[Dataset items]
/---

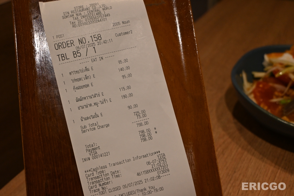 Somtam Nua的價格在曼谷餐廳來說,我覺得算是蠻親民,價格很合理!一份青木瓜沙拉平均落在100泰銖左右,炸雞一份也大概是140-180泰銖,其他菜色也都在合理的範圍內。我們兩個人去吃,點個三四道菜,加上飲料,一個人通常都不會超過500泰銖,真的超級划算的。用這個價格能吃到這麼道地又好吃的泰國菜,我覺得非常值得!如果你想在曼谷花少少的錢,就能吃到超滿足的泰國菜,那Somtam Nua絕對是你的最佳選擇。
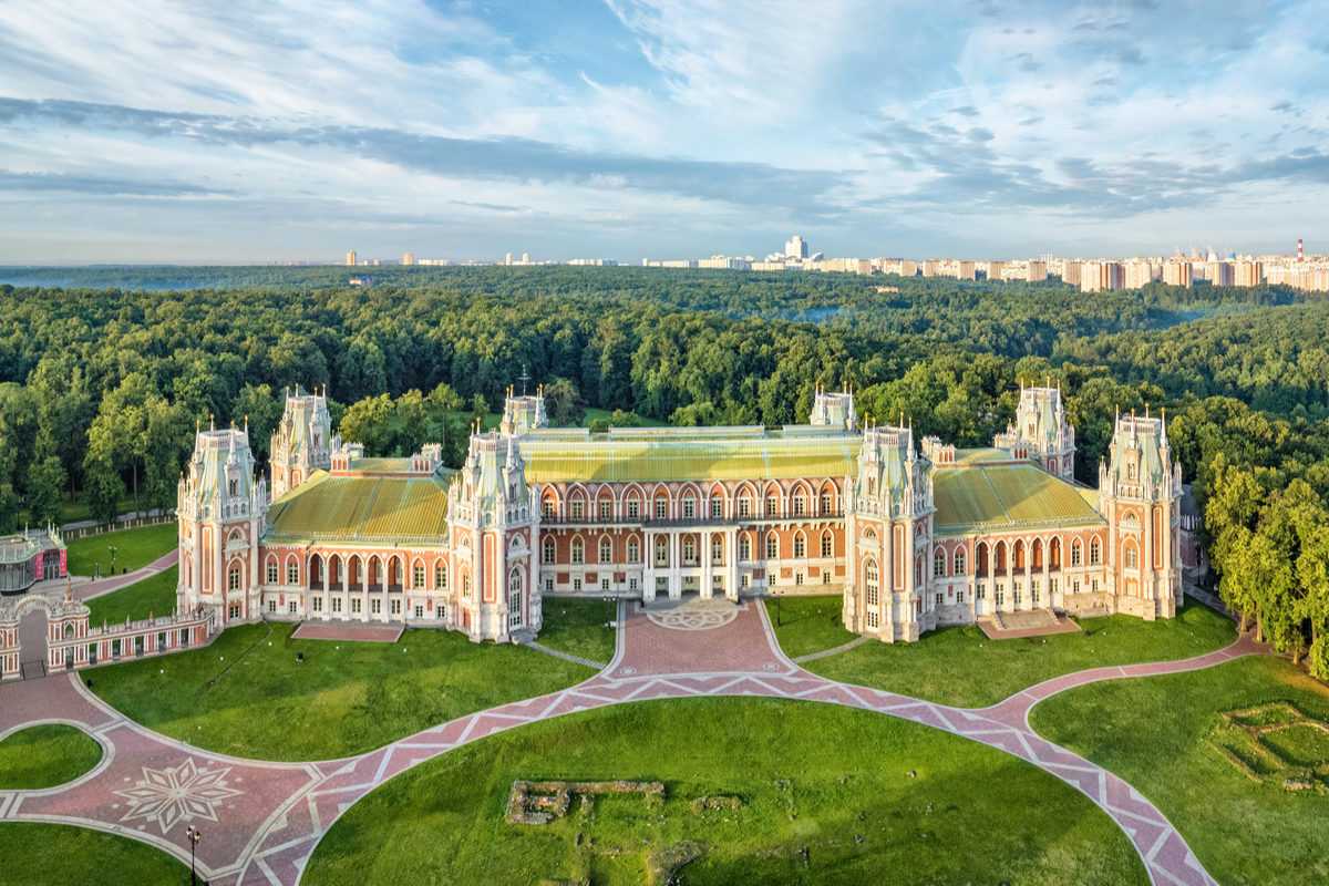 Большой дворец музея-заповедника «Царицыно» ─ одно из самых популярных мест выездных свадеб москвичей. Живописный природный ландшафт и потрясающая архитектура старинного здания словно обещают, что свадьба пройдет по-царски. Роспись в «Царицыно» проводится в Екатерининском или Таврическом залах, Голубой гостиной, Малом дворце или Музыкальной гостиной. Для молодоженов играет струнный квартет, а ведет праздник и следит за таймингом ряженый церемониймейстер. Во время торжества в арендованном зале разрешены фото- и видеосъемка. Время церемонии бракосочетания – 45 минут. Есть возможность организовать после нее фуршет или банкет в одном из нескольких помещений вместимостью от 30 до 120 человек: Екатерининском, Таврическом, Баженовском или Казаковском залах, Музыкальной и Голубой гостиной, Атриуме Хлебного дома, Первой оранжерее.
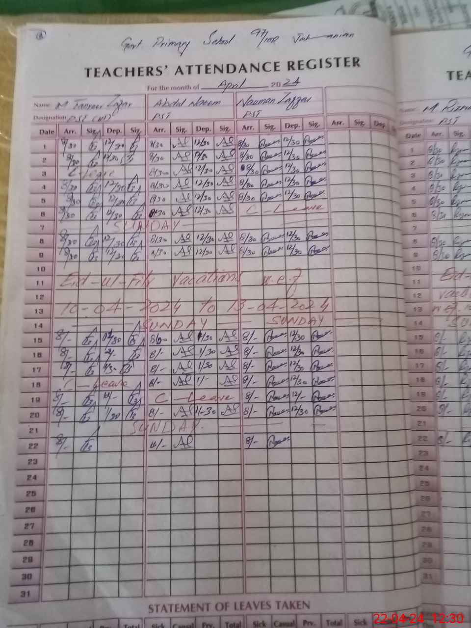 | CNIC | Full Name | Designation | R/C | Absence During Last Calender Month |
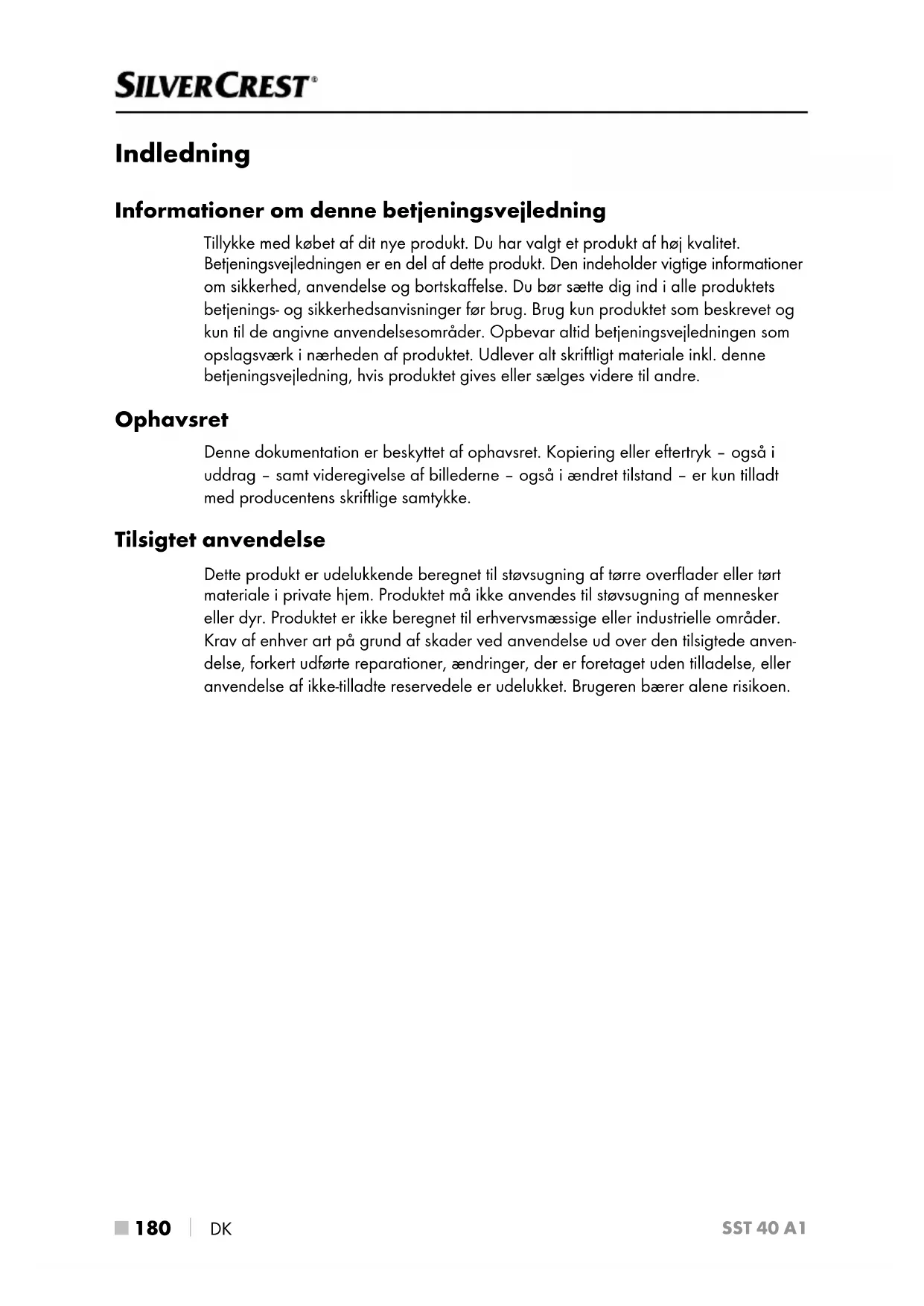 DK SST 40 A1 Indledning Informationer om denne betjeningsvejledning Tillykke med købet af dit nye produkt. Du har valgt et produkt af høj kvalitet. Betjeningsvejledningen er en del af dette produkt. Den indeholder vigtige informationer om sikkerhed, anvendelse og bortskaffelse. Du bør sætte dig ind i alle produktets betjenings- og sikkerhedsanvisninger før brug. Brug kun produktet som beskrevet og kun til de angivne anvendelsesområder. Opbevar altid betjeningsvejledningen som opslagsværk i nærheden af produktet. Udlever alt skriftligt materiale inkl. denne betjeningsvejledning, hvis produktet gives eller sælges videre til andre. Ophavsret Denne dokumentation er beskyttet af ophavsret. Kopiering eller eftertryk – også i uddrag – samt videregivelse af billederne – også i ændret tilstand – er kun tilladt med producentens skriftlige samtykke. Tilsigtet anvendelse Dette produkt er udelukkende beregnet til støvsugning af tørre overflader eller tørt materiale i private hjem. Produktet må ikke anvendes til støvsugning af mennesker eller dyr. Produktet er ikke beregnet til erhvervsmæssige eller industrielle områder. Krav af enhver art på grund af skader ved anvendelse ud over den tilsigtede anven- delse, forkert udførte reparationer, ændringer, der er foretaget uden tilladelse, eller anvendelse af ikke-tilladte reservedele er udelukket. Brugeren bærer alene risikoen. IB_329834_SST40A1_LB8.indb 180 24.09.2021 08:42:49DK
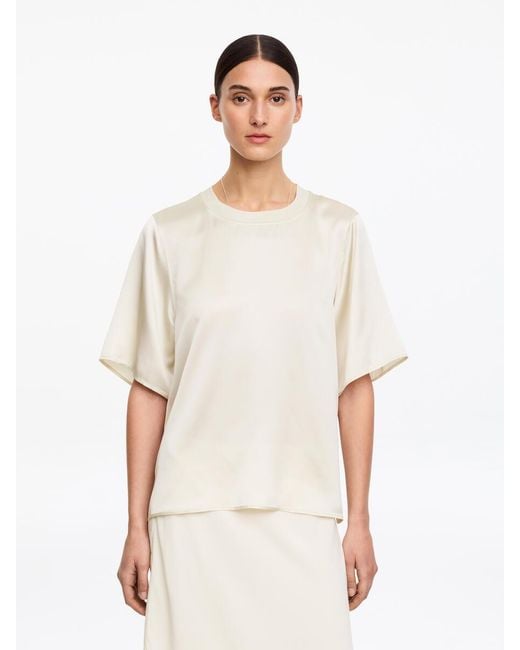 Timeless in design, this silk satin T-shirt is defined by its fluid drape and subtle sheen. Cut with softly dropped shoulders, it features a ribbed neckline, a vertical seam along the centre back, and side seam slits that allow for ease of movement. Colour: white

\---

Work instructions:
All entries above, minus the pictures, should be repeated exactly.

Response:
 Somtam Nua的價格在曼谷餐廳來說,我覺得算是蠻親民,價格很合理!一份青木瓜沙拉平均落在100泰銖左右,炸雞一份也大概是140-180泰銖,其他菜色也都在合理的範圍內。我們兩個人去吃,點個三四道菜,加上飲料,一個人通常都不會超過500泰銖,真的超級划算的。用這個價格能吃到這麼道地又好吃的泰國菜,我覺得非常值得!如果你想在曼谷花少少的錢,就能吃到超滿足的泰國菜,那Somtam Nua絕對是你的最佳選擇。
 Большой дворец музея-заповедника «Царицыно» ─ одно из самых популярных мест выездных свадеб москвичей. Живописный природный ландшафт и потрясающая архитектура старинного здания словно обещают, что свадьба пройдет по-царски. Роспись в «Царицыно» проводится в Екатерининском или Таврическом залах, Голубой гостиной, Малом дворце или Музыкальной гостиной. Для молодоженов играет струнный квартет, а ведет праздник и следит за таймингом ряженый церемониймейстер. Во время торжества в арендованном зале разрешены фото- и видеосъемка. Время церемонии бракосочетания – 45 минут. Есть возможность организовать после нее фуршет или банкет в одном из нескольких помещений вместимостью от 30 до 120 человек: Екатерининском, Таврическом, Баженовском или Казаковском залах, Музыкальной и Голубой гостиной, Атриуме Хлебного дома, Первой оранжерее.
 | CNIC | Full Name | Designation | R/C | Absence During Last Calender Month |
 DK SST 40 A1 Indledning Informationer om denne betjeningsvejledning Tillykke med købet af dit nye produkt. Du har valgt et produkt af høj kvalitet. Betjeningsvejledningen er en del af dette produkt. Den indeholder vigtige informationer om sikkerhed, anvendelse og bortskaffelse. Du bør sætte dig ind i alle produktets betjenings- og sikkerhedsanvisninger før brug. Brug kun produktet som beskrevet og kun til de angivne anvendelsesområder. Opbevar altid betjeningsvejledningen som opslagsværk i nærheden af produktet. Udlever alt skriftligt materiale inkl. denne betjeningsvejledning, hvis produktet gives eller sælges videre til andre. Ophavsret Denne dokumentation er beskyttet af ophavsret. Kopiering eller eftertryk – også i uddrag – samt videregivelse af billederne – også i ændret tilstand – er kun tilladt med producentens skriftlige samtykke. Tilsigtet anvendelse Dette produkt er udelukkende beregnet til støvsugning af tørre overflader eller tørt materiale i private hjem. Produktet må ikke anvendes til støvsugning af mennesker eller dyr. Produktet er ikke beregnet til erhvervsmæssige eller industrielle områder. Krav af enhver art på grund af skader ved anvendelse ud over den tilsigtede anven- delse, forkert udførte reparationer, ændringer, der er foretaget uden tilladelse, eller anvendelse af ikke-tilladte reservedele er udelukket. Brugeren bærer alene risikoen. IB_329834_SST40A1_LB8.indb 180 24.09.2021 08:42:49DK
 Timeless in design, this silk satin T-shirt is defined by its fluid drape and subtle sheen. Cut with softly dropped shoulders, it features a ribbed neckline, a vertical seam along the centre back, and side seam slits that allow for ease of movement. Colour: white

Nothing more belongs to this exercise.